This is closly related to the Gravity well theory, and the article is quite illuminating, although full of the obligatory anti administration swipes that left wing publications indulge in (for example there is a constant refrain that these theories will not be implimented until the Administration changes, even though prototypes of these theories existed in the 1990's and no Democratic front runner seems inclined to speak about any sort of pro active strategy for conducting WW IV).

Most good libraries carry the New Yorker, apparently there is no on line archive yet.

Update: the article can be found here: http://www.possibility.com/epowiki/Wiki.jsp?page=KnowingTheEnemy

Thanks to Niner Domestic for the tip


----------



## 54/102 CEF (11 Oct 2007)

Thread may be old - but there is a new - far expanded Powerpoint on COIN by LCol Kilcullen at 

http://smallwarsjournal.com/documents/kilcullencoinbrief26sep07.ppt 

A Powerpoint viewer is required if you don't have the main program - 
http://www.microsoft.com/downloads/details.aspx?FamilyID=048dc840-14e1-467d-8dca-19d2a8fd7485&DisplayLang=en

If you can't find this and want it - PM me.

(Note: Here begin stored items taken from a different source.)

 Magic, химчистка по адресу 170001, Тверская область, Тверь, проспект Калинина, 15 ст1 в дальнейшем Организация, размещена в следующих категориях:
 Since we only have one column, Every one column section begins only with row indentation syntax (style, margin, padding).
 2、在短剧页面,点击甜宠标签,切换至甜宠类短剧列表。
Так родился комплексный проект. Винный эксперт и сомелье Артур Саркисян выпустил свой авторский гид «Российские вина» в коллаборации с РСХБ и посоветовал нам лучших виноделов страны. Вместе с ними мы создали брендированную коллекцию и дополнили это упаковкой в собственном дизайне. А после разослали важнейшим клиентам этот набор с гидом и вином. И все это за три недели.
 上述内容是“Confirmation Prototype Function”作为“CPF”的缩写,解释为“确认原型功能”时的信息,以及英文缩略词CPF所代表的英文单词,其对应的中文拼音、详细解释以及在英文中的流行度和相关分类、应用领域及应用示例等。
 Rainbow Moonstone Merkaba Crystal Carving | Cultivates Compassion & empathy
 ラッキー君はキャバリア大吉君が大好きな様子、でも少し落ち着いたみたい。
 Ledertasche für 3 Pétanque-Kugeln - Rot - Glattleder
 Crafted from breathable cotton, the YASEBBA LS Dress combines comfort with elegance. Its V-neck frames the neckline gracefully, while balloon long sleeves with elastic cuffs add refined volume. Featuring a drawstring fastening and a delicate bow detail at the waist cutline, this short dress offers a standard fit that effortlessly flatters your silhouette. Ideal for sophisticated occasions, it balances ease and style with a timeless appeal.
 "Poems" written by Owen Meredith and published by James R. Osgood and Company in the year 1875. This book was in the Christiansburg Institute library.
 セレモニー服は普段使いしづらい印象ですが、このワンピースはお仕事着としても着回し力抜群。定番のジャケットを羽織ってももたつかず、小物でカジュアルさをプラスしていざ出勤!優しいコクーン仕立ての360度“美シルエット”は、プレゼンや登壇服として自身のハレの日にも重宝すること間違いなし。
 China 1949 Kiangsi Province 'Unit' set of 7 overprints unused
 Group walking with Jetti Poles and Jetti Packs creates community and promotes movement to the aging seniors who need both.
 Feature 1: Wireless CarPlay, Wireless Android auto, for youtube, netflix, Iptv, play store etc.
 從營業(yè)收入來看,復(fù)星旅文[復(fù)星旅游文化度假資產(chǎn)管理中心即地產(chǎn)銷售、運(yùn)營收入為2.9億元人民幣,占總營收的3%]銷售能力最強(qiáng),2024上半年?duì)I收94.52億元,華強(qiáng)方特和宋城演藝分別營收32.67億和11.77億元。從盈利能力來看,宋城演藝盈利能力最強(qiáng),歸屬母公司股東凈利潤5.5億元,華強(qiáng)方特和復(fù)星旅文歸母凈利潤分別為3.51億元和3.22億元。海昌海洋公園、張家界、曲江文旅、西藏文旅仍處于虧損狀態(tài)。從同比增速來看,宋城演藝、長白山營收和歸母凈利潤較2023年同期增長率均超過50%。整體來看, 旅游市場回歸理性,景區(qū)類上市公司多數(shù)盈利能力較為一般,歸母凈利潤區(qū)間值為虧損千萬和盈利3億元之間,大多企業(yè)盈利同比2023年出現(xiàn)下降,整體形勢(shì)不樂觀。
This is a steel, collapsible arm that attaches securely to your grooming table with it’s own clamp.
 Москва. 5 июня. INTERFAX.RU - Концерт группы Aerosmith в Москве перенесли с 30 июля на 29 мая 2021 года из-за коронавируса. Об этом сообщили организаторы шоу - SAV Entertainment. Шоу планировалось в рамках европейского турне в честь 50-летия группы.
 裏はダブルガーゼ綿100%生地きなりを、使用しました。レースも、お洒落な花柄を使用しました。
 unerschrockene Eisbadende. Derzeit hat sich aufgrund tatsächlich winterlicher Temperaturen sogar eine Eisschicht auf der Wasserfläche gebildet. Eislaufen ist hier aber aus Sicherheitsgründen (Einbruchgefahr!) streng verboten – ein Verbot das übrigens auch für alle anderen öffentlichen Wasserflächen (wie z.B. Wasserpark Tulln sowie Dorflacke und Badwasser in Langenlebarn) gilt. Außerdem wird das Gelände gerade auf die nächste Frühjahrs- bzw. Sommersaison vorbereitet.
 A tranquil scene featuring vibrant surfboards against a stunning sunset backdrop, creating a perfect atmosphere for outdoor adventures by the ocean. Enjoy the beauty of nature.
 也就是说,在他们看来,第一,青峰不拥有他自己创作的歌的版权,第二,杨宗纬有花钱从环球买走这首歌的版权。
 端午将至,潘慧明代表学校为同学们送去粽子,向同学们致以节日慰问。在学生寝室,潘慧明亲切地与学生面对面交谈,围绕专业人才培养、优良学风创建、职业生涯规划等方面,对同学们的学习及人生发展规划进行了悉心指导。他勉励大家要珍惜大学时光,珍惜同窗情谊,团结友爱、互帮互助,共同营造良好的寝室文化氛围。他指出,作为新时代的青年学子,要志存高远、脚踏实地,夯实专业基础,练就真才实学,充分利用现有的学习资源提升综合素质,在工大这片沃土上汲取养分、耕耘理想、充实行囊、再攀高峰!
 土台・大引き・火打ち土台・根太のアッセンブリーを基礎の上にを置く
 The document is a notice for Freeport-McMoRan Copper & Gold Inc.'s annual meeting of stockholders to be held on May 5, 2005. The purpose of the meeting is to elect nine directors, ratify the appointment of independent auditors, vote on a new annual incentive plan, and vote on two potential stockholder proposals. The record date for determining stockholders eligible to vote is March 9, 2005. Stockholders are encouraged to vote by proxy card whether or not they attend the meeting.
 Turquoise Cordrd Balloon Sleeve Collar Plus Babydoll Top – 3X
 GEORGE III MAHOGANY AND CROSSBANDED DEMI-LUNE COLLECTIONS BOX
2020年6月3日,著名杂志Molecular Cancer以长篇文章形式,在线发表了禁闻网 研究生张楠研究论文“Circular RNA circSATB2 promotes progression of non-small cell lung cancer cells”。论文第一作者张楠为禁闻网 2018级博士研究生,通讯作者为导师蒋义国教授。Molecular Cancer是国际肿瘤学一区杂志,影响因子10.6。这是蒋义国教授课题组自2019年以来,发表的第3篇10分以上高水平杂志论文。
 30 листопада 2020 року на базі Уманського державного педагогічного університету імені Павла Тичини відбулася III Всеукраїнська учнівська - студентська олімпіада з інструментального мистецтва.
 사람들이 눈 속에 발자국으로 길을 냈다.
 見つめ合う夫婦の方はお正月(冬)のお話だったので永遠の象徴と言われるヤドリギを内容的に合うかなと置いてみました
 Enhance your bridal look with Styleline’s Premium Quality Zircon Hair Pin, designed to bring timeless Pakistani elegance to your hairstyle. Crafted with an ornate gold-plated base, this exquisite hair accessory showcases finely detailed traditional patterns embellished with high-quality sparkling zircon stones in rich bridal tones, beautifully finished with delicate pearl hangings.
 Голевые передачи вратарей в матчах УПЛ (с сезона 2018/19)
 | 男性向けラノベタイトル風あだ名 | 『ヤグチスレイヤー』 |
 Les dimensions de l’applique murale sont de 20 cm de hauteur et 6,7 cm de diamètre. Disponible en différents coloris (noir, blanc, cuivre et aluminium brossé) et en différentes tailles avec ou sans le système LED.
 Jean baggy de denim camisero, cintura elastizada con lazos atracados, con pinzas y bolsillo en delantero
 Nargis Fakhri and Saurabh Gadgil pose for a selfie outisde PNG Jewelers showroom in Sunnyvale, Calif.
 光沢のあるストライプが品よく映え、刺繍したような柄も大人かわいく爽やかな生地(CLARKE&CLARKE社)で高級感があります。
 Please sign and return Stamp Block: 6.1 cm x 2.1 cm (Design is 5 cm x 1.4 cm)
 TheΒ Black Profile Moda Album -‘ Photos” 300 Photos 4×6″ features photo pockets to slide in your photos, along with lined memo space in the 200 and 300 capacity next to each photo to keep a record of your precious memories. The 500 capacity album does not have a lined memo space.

All should read it - I think it makes all the connections we don`t necessarily see.


----------



## FascistLibertarian (11 Oct 2007)

Kilcullen and Robb are amazing.


----------



## DBA (11 Oct 2007)

Just by the types and amounts of information being gathered by various intelligence programs you can see that a lot of it is applicable to finding the connections between nodes once some are discovered. To bad The New York times, other news organizations and the Democratic Party are against this type of intelligence gathering even to the extent of exposing covert programs. Not without some reason as tracking associations is in some ways in conflict with freedom of association.


----------



## a_majoor (1 Jun 2008)

This essay shows the difficulty with what we are dealing with. Even if you agree with the premise, the way it is stated will raise lots of politically  correct opposition or at least make it difficult to gain support to take action, as well as harden the resolve of the Jihadis to work against us. Creating successful disaggregation techniques will be difficult, and may have to focus on other factors, like expanding womans rights in Islamic societies or transferring blame for economic and social stagnation back to the dysfunctional governments of the region rather than trying to take religion head on:

http://cjunk.blogspot.com/2008/05/muslim-reformation.html



> *The Muslim Reformation*
> 
> Let me make it clear from the start, that the following essay focuses on Islam, not on Muslims. I believe that the average Muslim is more or less like you or I ... they want to live in peace and wish for a better life for themselves and their children. In short, they are good people. The topic here is Muslim and Christian foundations and beginnings.
> 
> ...


----------



## Greymatters (1 Jun 2008)

While there is an overwhelming amount of evidence supporting a violent Islam religion, he's oblivious to, or deliberately ignoring, Christianity's own bloody past.  Once Christians took the reins of power over from Rome they were only too happy to wield the sword along with everyone else... if in doubt take a look at our current response.


----------



## Good2Golf (1 Jun 2008)

54/102 CEF said:
			
		

> Thread may be old - but there is a new - far expanded Powerpoint on COIN by LCol Kilcullen at
> 
> http://smallwarsjournal.com/documents/kilcullencoinbrief26sep07.ppt
> 
> ...



Kilcullen's work is most definitely something that folks should at least consider reading.  His analysis of the factors at play in assessing and dealing with insurgency is very well laid out.


----------



## tomahawk6 (1 Jun 2008)

Ignoring Kilcullen's influence on US COIN operations would be a very serious mistake. This in a nutshell explains current COIN operations in Iraq.The following comments were made on June 26, 2007 .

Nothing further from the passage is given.